Microsoft will soon put the screws on those still running last year's free preview of Windows 7 by incessantly shutting down their PC. Starting on February 15, Windows 7 Release Candidate will begin displaying a friendly notice every few hours to either get paying or get bent. Come March 1, the PC will begin a regimen of …
ICL removed a mainframe with council data when the council did not pay for the machine.
the council sued ICL because under UK law while the machine belonged to ICL the data
belonged to the council and ICL had no right to deny the council access to their data.
ICL lost big time.
MS may be much bigger than ICL (now) but this case means MS are taking a risk
in denying access to data or possibly corrupting data with this new behaviour.
This "new behaviour" is only on *Testing Only*, *Non Production* *Release Candidate* *Unlicensed from June 2010* software, *specifically designated as such prior to even downloading an installation image*.
The data is there. Install a new OS. Troll better next time.
I know nothing about the (ancient?) ICL case, but unless Microsoft have done something very nasty to NTFS in the RC, there are plenty of third-party tools (including some freeware) that are capable of mounting a disk containing the RC and user data, and copying the latter onto your choice of another drive or a network server.
I'd be surprised, even dismayed, if the courts took the view that Microsoft was denying the user access to his data, in light of this, and the numerous disclaimers the customer agreed to at install time, and the numerous advance warnings that the customer will have ignored before the system finally won't boot.
Does "removed" in the ICL case mean physically removed? I can see why the courts came down hard on a company that was effectively "kidnapping" the user's data and holding it to ransom! I think this must be my first post when I'm unreservedly on Microsoft's side.
Breach of Contract
By putting production data on a testing machine, the individual would be breaching the contract between themselves and Microsoft, and as such, they would be forced to release any form of liability on Microsoft.
Furthermore, Microsoft does not claim to own the data, or the equipment, and leaves it alone as such, but will not allow you to run a demo of it's operating system forever. On top of this, Microsoft is practicing fair judgement in that it is allowing the user two hours to use their machine before it shuts down, after many many warnings. All of these combined gives the end user plenty of methods, and opportunities to retrieve their data. Even further, Microsoft is not taking possession of any data whatsoever, and as such, even though the data may become inaccessible, Microsoft is not explicitly denying access to said data, as it is not encrypted. If the data is encrypted, then such an effort is made by the acting party, and not Microsoft. As such, Microsoft could not be held liable due to the encryption of the data, since the end user, not Microsoft, completed the act of encrypting the data.

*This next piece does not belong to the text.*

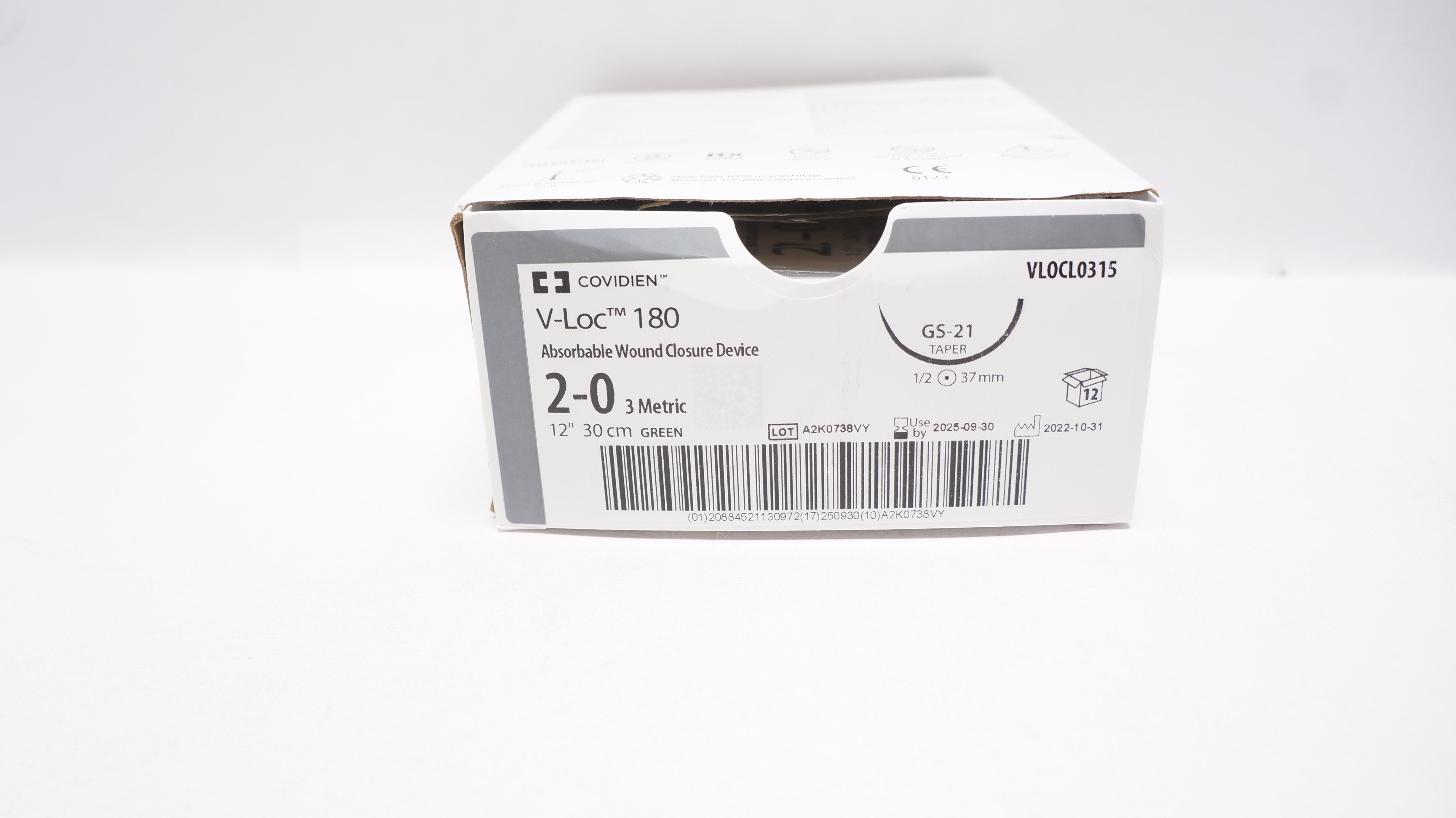 Covidien VLOCL0315 2-0 V-Loc 180 Absorbable Wound Closure Device, GS-21, 1/2 37mm Box of 8 Expiration Date: 2025-09-30

Unless MS have now started creating their own proprietary version of the English language (which lets be honest, wouldn't come as a huge surprise), bi-hourly means every two hours.
I always thought it meant twice an hour - bi-weekly would be twice a week, for example.

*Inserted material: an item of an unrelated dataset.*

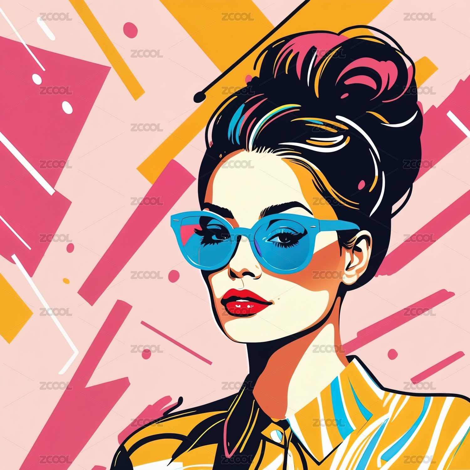 戴着彩色眼镜化着鲜艳妆容大胆女性

My paychecks are bi-weekly, and I assure you they do not arrive as frequently as you suggest.
In other news
Most kids will be using a cracked version already (they don't pay for anything anymore, well mine don't anywway). Some will have avoided this nonsense by switching to a free O/S.
If you were smart enough to download the RC, burn it to DVD (or extract the contents to a flash drive and make it bootable), then you are clearly the type of person that does not want boxed retail DVD of the OS.
Why not offer anyone running the RC (or anyone full stop), the ability to download the final ISO and buy a licence online for a reduced fee? It would certainly tempt me.
you could try...
Shutdown every 2 hours?
"Come March 1, the PC will begin a regimen of automatic shut down every two hours."
Just like Vista then?
This probably isn't intentional either.
<-- Evil Bill because they don't have one for "MS are completely incompetent"
I wonder if Microsoft had the foresight to prevent users from circumventing this annoyance by simply changing their system date.
If you just wanted a stand-alone box with no net connection, I can't think how they could prevent that trick from working.
For a standalone box Chew-WGA (and probably Remove-WAT too) would do the job and if you want to know what year it is you can still look in the tray!
I don't run anything post-XP these days (and that above board), but I tested Chew-WGA last year - with the RTM - just to see if it worked and it didn't present any problems the few days I ran it (with 'net connection and running WU, including long enough since Chew-WGA came out that M$ could presumably have detected it had been used).
Is there a person who would want, or even accept a stand alone box these days? If you don't want to support the suppliers of the BSOD try Linux. The mind you save will be your own.
My one remaining Microsoft box is airgapped. Has been for years.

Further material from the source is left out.